The passage is reflective of Céline’s playful propulsive style.  Ferdinand detests the sensational and claustrophobic style of Symbolism, prevalent during the corrupt rule of Emperor Napoleon III.  The recent defeat suffered by France into the Franco-Prussian War of 1870s still lingers over the novel.  The military defeat, the aristocratic decadence, and stylistic garishness would push many to seek solutions in other forms of government.  But in this work, Céline’s later political transgressions remain in embryo.

Disaster and financial ruin are commonplace in the novel.  What would seem like raw material for a work of agonizing despair become bawdy comedic set-pieces.  All of this set against a writing style by turns poetic and obscene.  For a piece written in the Mid-Thirties, it sounds eerily similar to that of Goodfellas and the Wire.

After time spent interned in an English boarding school, Ferdinand gets a job with Courtail des Pereires.  Courtail runs a scientific journal called the Genitron that caters to inventors and owns a hot-air balloon, the Enthusiast.  Courtail and Ferdinand barnstorm the country, putting on ballooning exhibitions, until the fixed-wing aircraft puts an end to that lucrative business.

Courtail is yet another victim of technological progress.  Stubbornly grasping his dream, he refuses to believe that the airplane will succeed.  He calls it a fad and presses on.  But it is a motif that drives the novel, whether it is his mother trying to sell her bolero jackets even after they have fallen out of style or his father refusing to use the new-fangled contraption called “the typewriter.”  Obsolescence and ruin follow the characters like Death itself.  Sometimes the only escape the characters have from creditors hounding their ankles is the sweet embrace of death.
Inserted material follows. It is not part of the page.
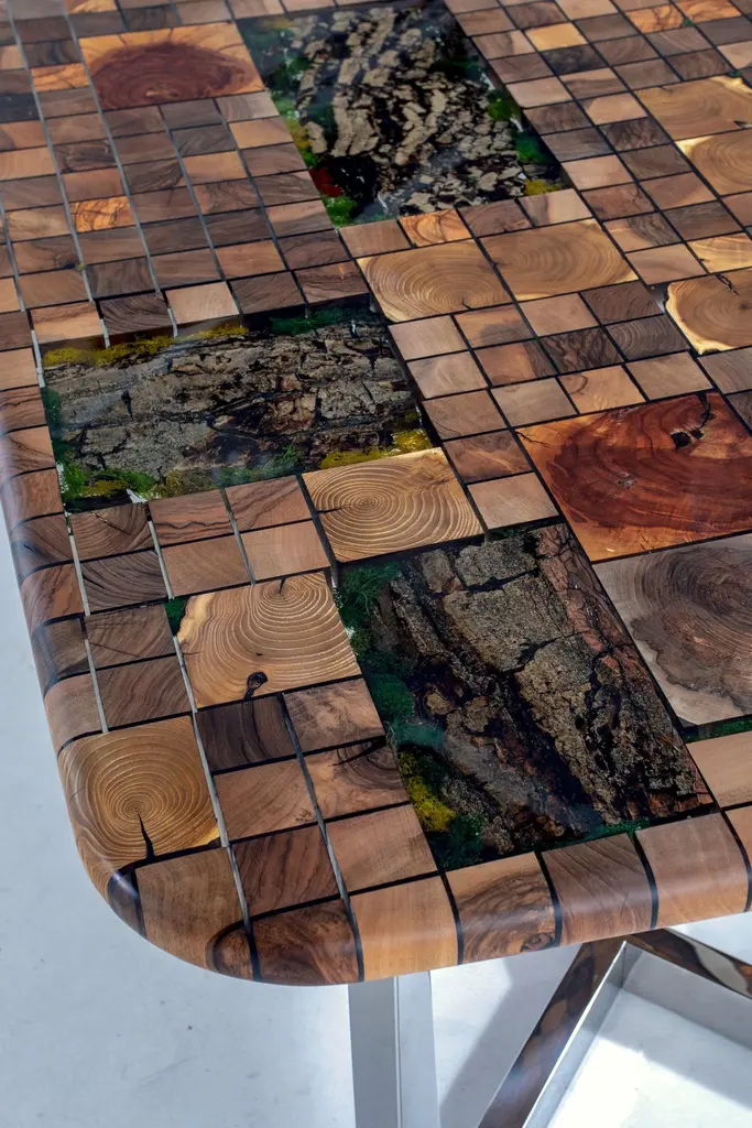 Forest Design Custom Clear Epoxy Resin Dining Table This table is made of 5 different pieces of wood. The grains and texture of the woods describe what a forest looks like.It can be used as a dining table or as a conference table. Suitable for indoor use.All of our tables are made of from natural woods. Therefore, each one has to be different with its own unique shape. The epoxy used in the production of the table has been appreciated by all our customers so far with its transparency. The epoxy color can be matt or glossy.The table legs are made of metal sheet. We have different leg options. The table legs can be made as you wish.

Near the end of the novel, one feels the jagged wheels of change overtaking society.  Ferdinand has become physically fit from his misadventures.  He yearns to escape the hell of poverty and desperation.  The escape hatch would be entry into the military service.  The greatest joke remains the one unspoken because its horror is too great.  The book began in the fetid twilight following the ruin of the Second Empire.  The book ends with the promise and glory associated with the War to End All Wars.